*Work instruction*. Omit all pictures, then retype the data exactly as given.

*Stored data*.
Segment Open
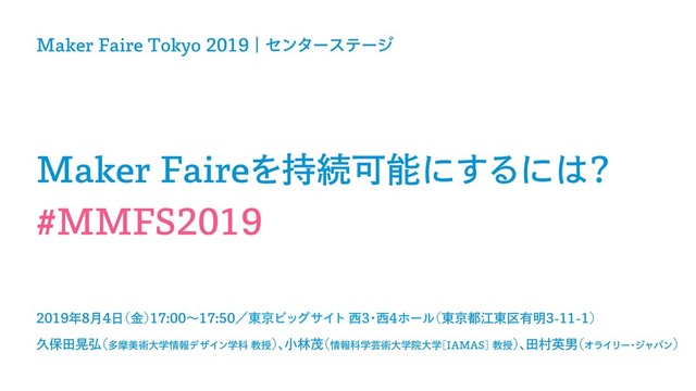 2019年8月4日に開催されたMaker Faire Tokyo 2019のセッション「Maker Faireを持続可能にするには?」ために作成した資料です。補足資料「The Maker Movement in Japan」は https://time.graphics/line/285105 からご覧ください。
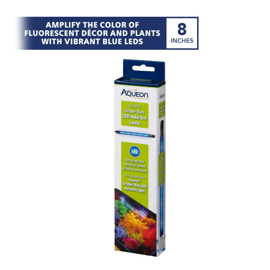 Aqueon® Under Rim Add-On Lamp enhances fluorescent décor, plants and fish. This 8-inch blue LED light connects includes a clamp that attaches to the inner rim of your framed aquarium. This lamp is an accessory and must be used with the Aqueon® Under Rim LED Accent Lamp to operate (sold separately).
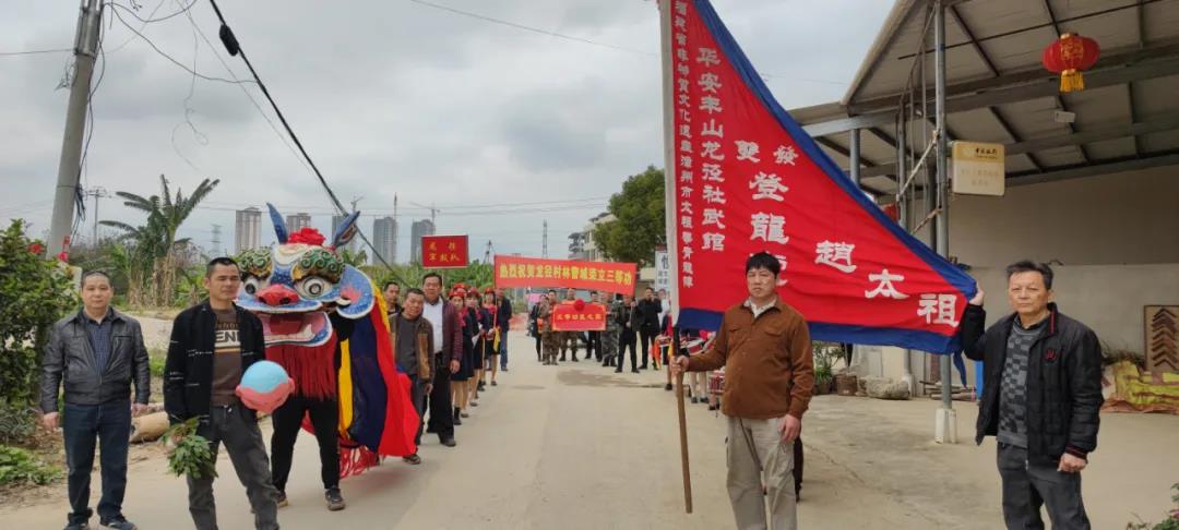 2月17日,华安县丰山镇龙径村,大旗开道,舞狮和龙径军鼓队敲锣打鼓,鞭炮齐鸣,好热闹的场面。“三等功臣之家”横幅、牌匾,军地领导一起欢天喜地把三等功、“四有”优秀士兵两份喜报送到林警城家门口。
Segment Closed
*Solution for this problem*.
 2019年8月4日に開催されたMaker Faire Tokyo 2019のセッション「Maker Faireを持続可能にするには?」ために作成した資料です。補足資料「The Maker Movement in Japan」は https://time.graphics/line/285105 からご覧ください。
 Aqueon® Under Rim Add-On Lamp enhances fluorescent décor, plants and fish. This 8-inch blue LED light connects includes a clamp that attaches to the inner rim of your framed aquarium. This lamp is an accessory and must be used with the Aqueon® Under Rim LED Accent Lamp to operate (sold separately).
 2月17日,华安县丰山镇龙径村,大旗开道,舞狮和龙径军鼓队敲锣打鼓,鞭炮齐鸣,好热闹的场面。“三等功臣之家”横幅、牌匾,军地领导一起欢天喜地把三等功、“四有”优秀士兵两份喜报送到林警城家门口。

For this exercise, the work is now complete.